Attention: We are retiring the ASP.NET Community Blogs. Learn more >

Justin's language processor series : Reuseable Lexer and TokenEnumerator

Yesterday I mentioned the series of articles which Justin has been writing on language processing.  This series has really opened my eyes to a few techniques which will improve several of my parsing techniques and provide me with the ability to produce high-performance language parsers in a shorter period of time.

Firstly, Justin introduced a basic lexer which will tokenize a source input into a fairly generic array of tokens.  He then implemented several enumerator classes to read through a token stream and return application specific, typed tokens.  Moving forward these 2 objects will be the staple items of all my future language processors; the lexer probably wouldn't change much and the enumerator would only require a minor alteration to the kinds of typed tokens which it returns.

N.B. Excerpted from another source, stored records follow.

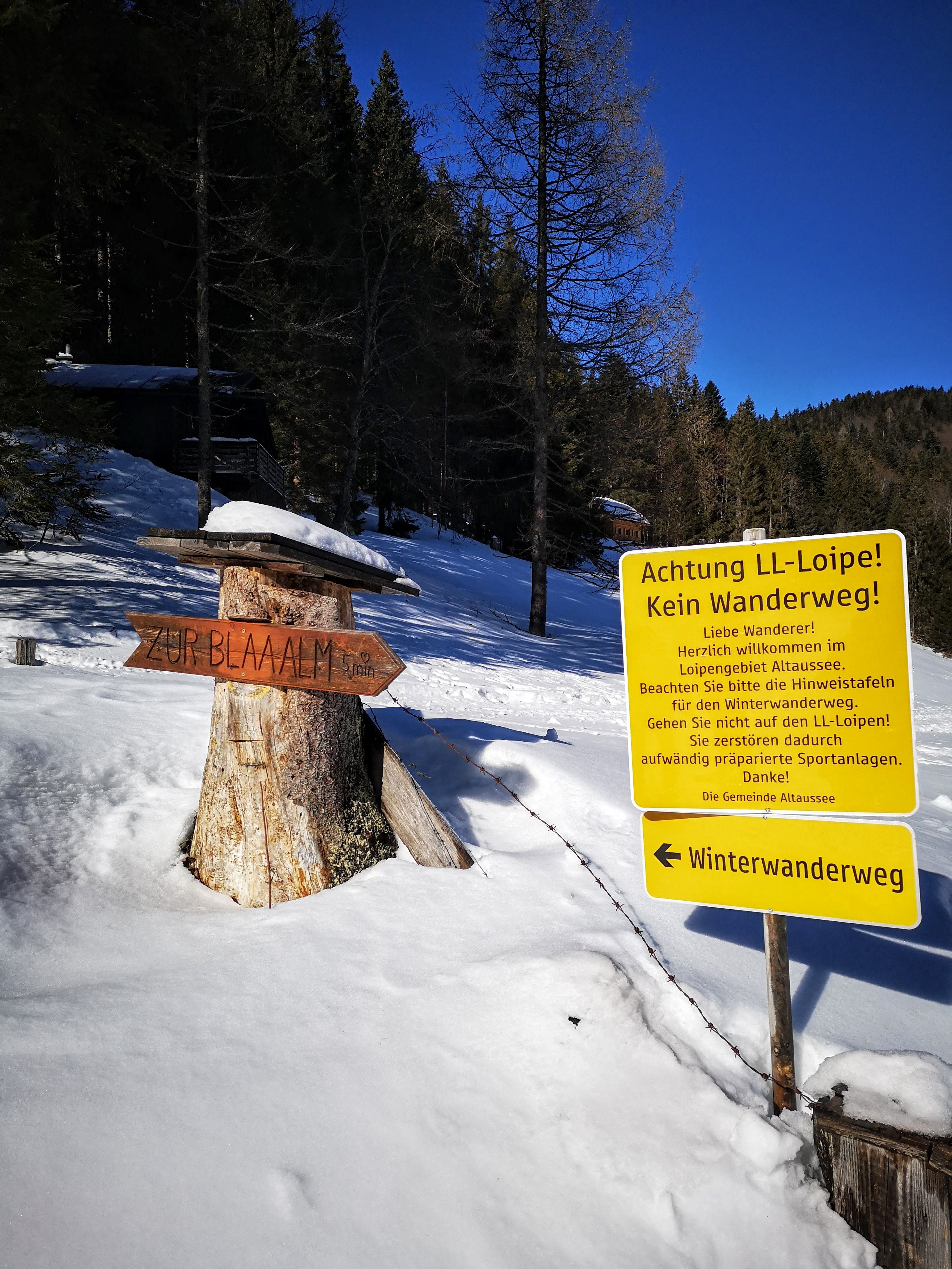 Start: PP Losermaut, Altaussee (kostenfrei) – präparierter Winterwanderweg in Loipennähe (bei der Skischule Haim/Kinderland) – via Klauseck – rund um die Blaa Wiese – Blaa Alm 900m – Losermaut. Retour auch auf der Blaastrasse möglich.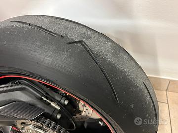 Ad inizio 2025, per non smontare le GOMME ORIGINALI dai CERCHI ORIGINALI (erano vecchie, pericolose e non volevo si rovinassero i cerchi), ho acquistato una coppia di cerchi NUOVI originali Panigale tricolore (con riga rossa) dischi freno NUOVI e tutti i componenti originali necessari. Gommati nuovi. Ad oggi han percorso meno di 100 km.
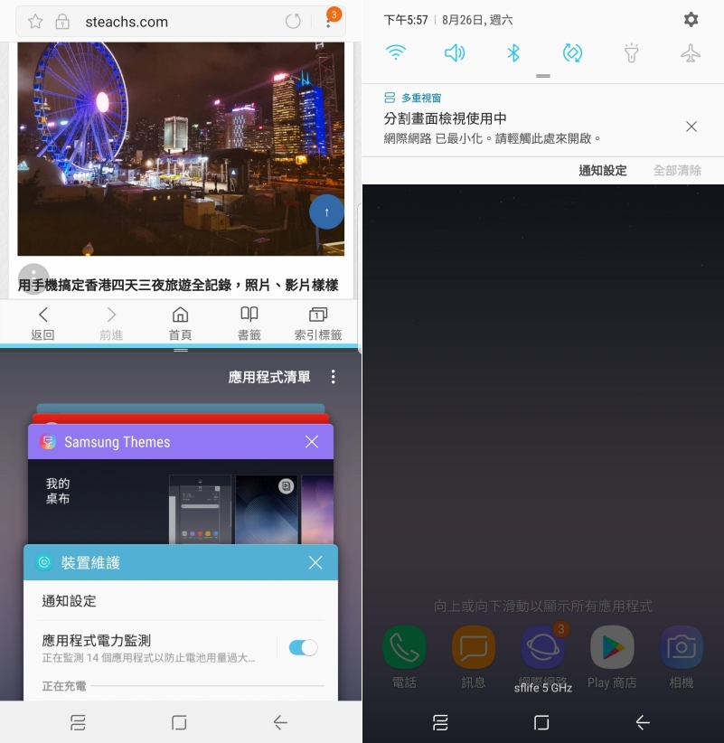 也因為這樣的特性,當你離開多重視窗回到桌面時,執行其他 APP 時,畫面會自動執行在多重視窗的下方那一區,除非你關閉多重視窗功能,否則不論你執行什麼 APP,都會保持著多重視窗的畫面,更加的方便。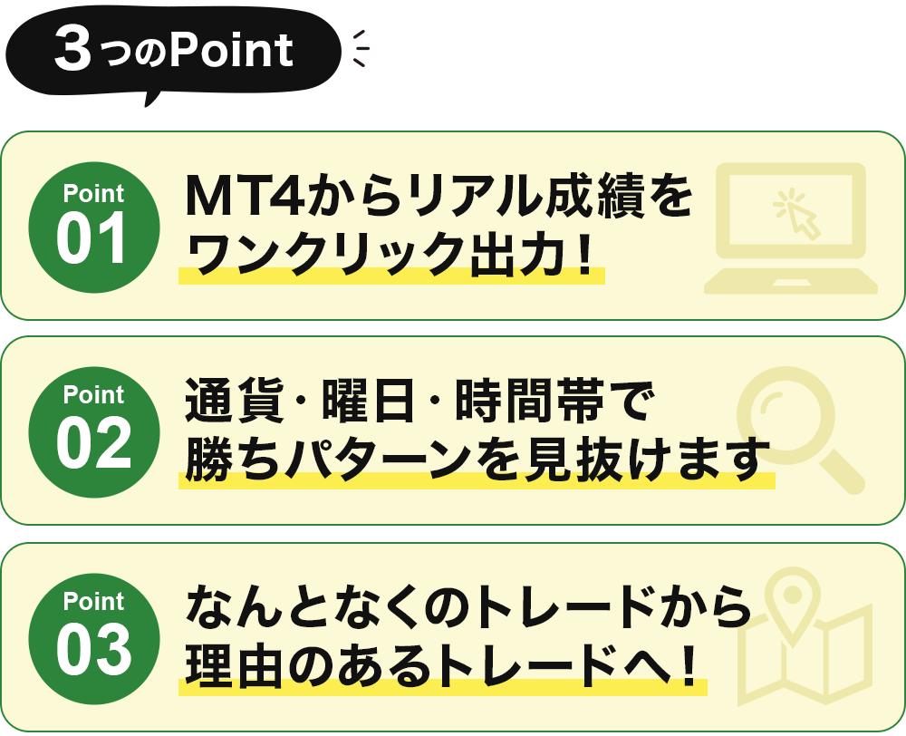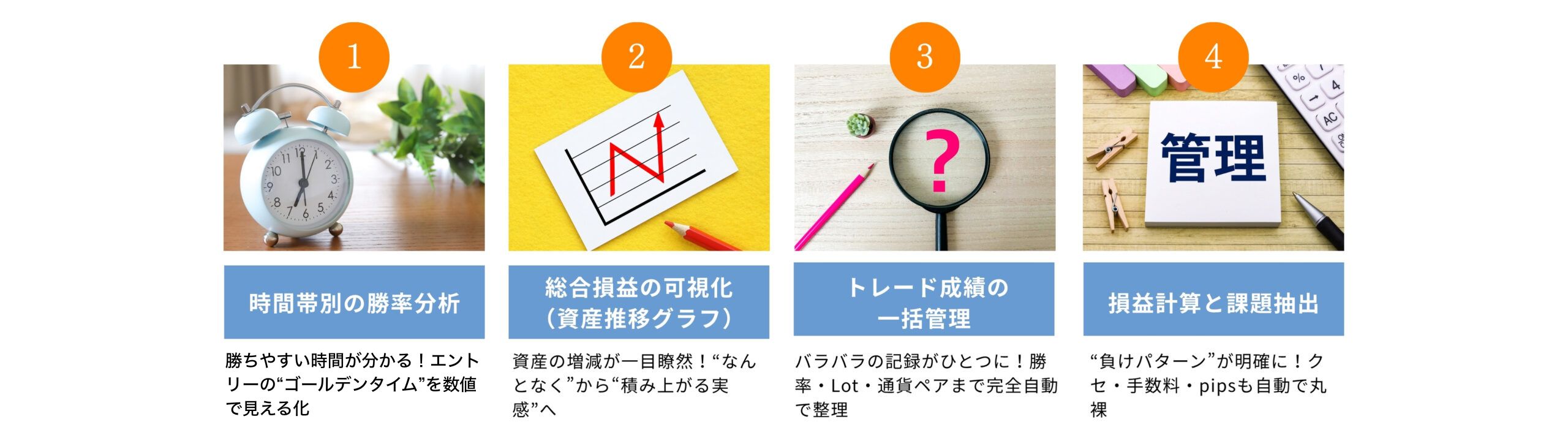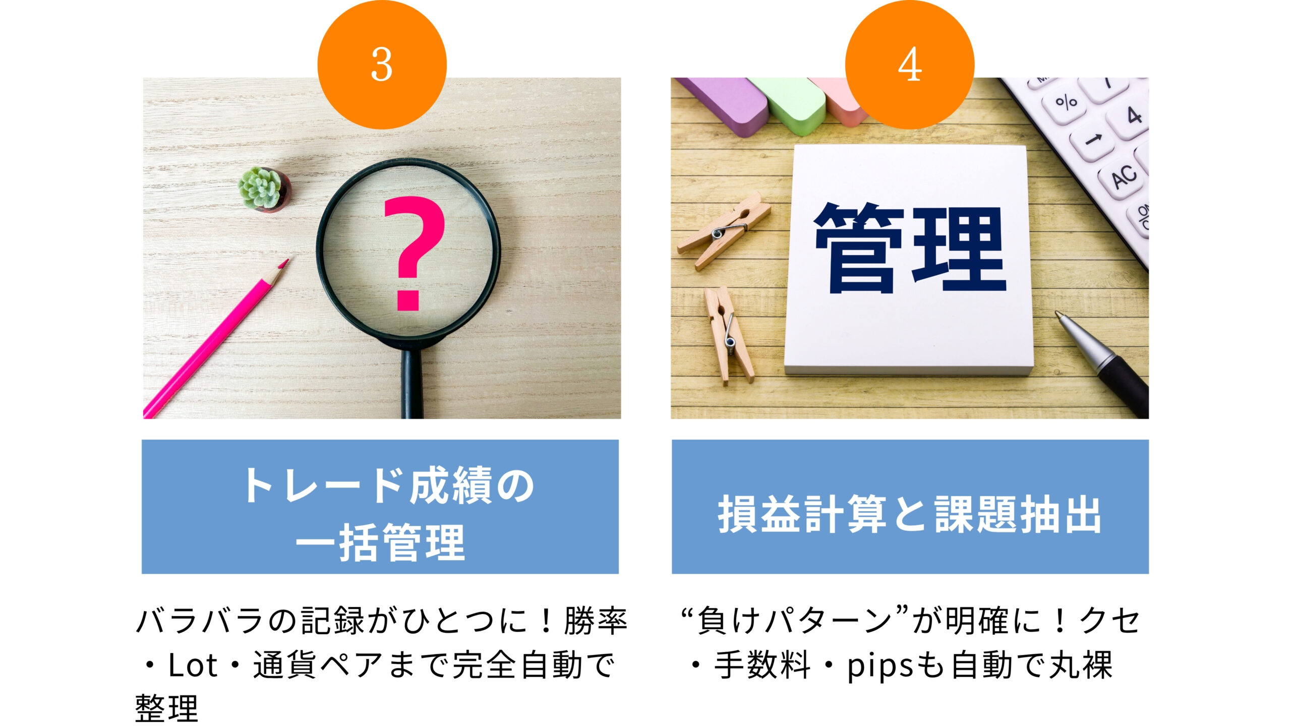 従来ように、手作業で履歴をまとめたり、感覚に頼ってトレードを振り返る必要はありません。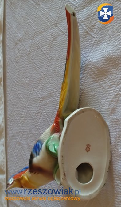 Duża, ręcznie malowana figurka samca bażanta. Wyprodukowana została w latach 50-tych XX wieku w Państwowych Zakładach Porcelitu Stołowego w Tułowicach. Wyraziste detale i wysoka jakość wykonania.

By the time you get to writing a parser you already have all of the common functions for reading and moving through input stored away in these 2 classes allowing you to focus on implementing the grammar parsing and state transition algorithms without having to bother with the plumbing.  The added bonus is that, while the common plumbing functionality - such as ReadNextChar(), IsSpecialChar() and IsEndOfStream() - are monotonous they are undoubtedly a potential source of errors; having common classes to carry forward (the lexer and enumerator classes) means that future parsers are working atop tested code, thus eliminating those silly errors - such as "out by one's" and stuff.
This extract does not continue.